The lingering fog of electricity markets

Mar 12, 2025

Global energy markets were notably volatile in  2022. Following the invasion of Ukraine by the Russian Federation, key energy metrics broke historic norms, such as the Brent Crude Oil spiking to $139 per barrell, the highest since 2008.

For Bitcoin miners, volatile energy markets proved to be momentarily disastrous. Companies like Argo Blockchain saw natural gas prices spike, crushing mining economics while debt payments became more expensive. However, this brief moment of turbulence has led miners to recognize that securing stable power rates is a critical factor for operational vitality. In other words, miners must secure cheap consistent power.

Today’s guest post comes from Hashlabs Mining consultant Muad Dib. A researcher at the Cambridge Alternative Center for Finance, Dib has extensive history writing on public Bitcoin mining metrics.

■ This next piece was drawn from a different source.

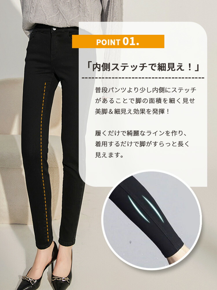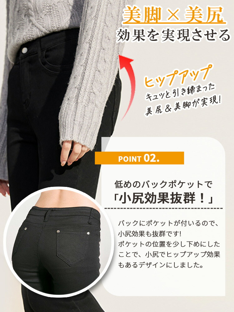 シンプルなすっきり見えるスキニーなのでブーツインはもちろん、パンプスやショートブーデイーと合わせても足元まで美脚になるように設計しました☆
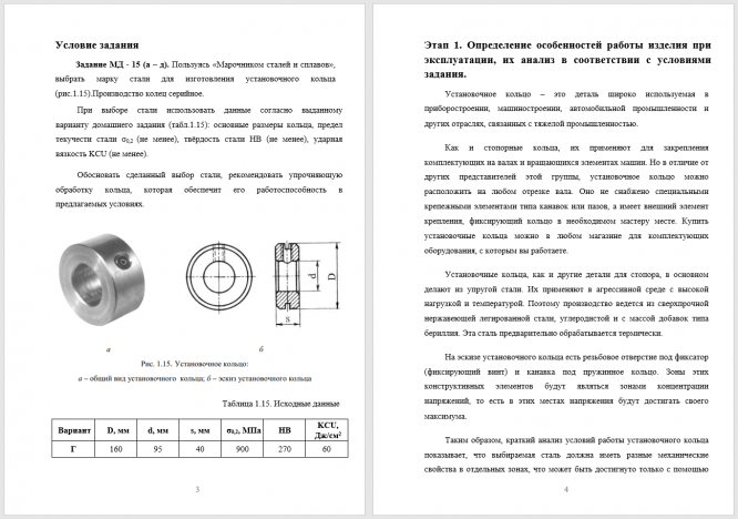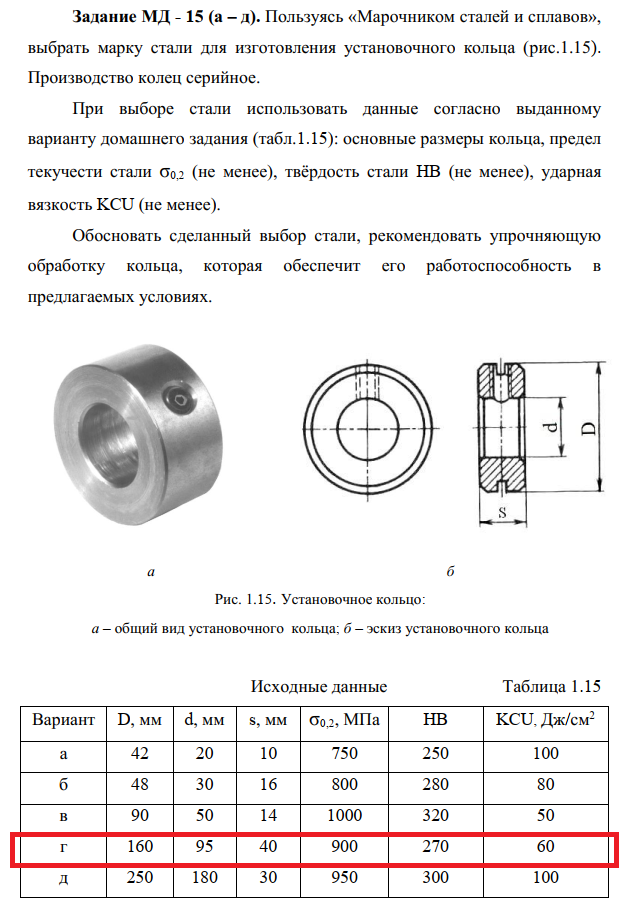 Задание МД - 15 (а – д). Пользуясь «Марочником сталей и сплавов», выбрать марку стали для изготовления установочного кольца (рис.1.15).Производство колец серийное. При выборе стали использовать данные согласно выданному варианту домашнего задания (табл.1.15): основные размеры кольца, предел текучести стали σ0,2 (не менее), твёрдость стали HB (не менее), ударная вязкость KCU (не менее). Обосновать сделанный выбор стали, рекомендовать упрочняющую обработку кольца, которая обеспечит его работоспособность в предлагаемых условиях..

This period witnessed significant spikes in electricity prices for many miners. From March to September 2022, Bit Digital’s power cost per kWh increased by 30%. Cathedra, which relies on hosting providers, saw its rates rise by 45%. Core Scientific, which faced particularly challenging times due to its hosting operations, experienced negative margins as their fixed hosting costs increased from $0.042/kWh to $0.066/kWh. Similarly, CleanSpark’s power costs peaked at $0.059/kWh in Q4 2022, despite having paid only $0.032/kWh in Q1 2022 at their Georgia grid location (also include NY power costs operations in Massena).

The surge in power prices that characterized much of 2022 came to a halt towards the end of the year, with prices returning to previous levels in 2023 and 2024. This significant correction in electricity markets is particularly evident in the power rate curve of Hut 8, which highlights the dramatic shift. Interestingly, as natural gas markets stabilize power rates dwindle by late 2022 to reach their previous levels highlighting the relative grid mix profile and exposure to natural gas of miners studied.

(Riot experienced negative power rates, attributable to their participation in a curtailment program. By voluntarily reducing their power consumption to balance the grid, Riot was able to earn power credits, which effectively offset their overall electricity costs).

Note: power costs disclosed by public miners represent the average of power rates over a three-month period for their overall operations. In cases where monthly data is available, such as with Riot, TeraWulf, these have been used for more granularity. However, companies such as Mara, Riot, Digihost, and Hive were not disclosed on a consistent basis, leading to gaps in the data presentation.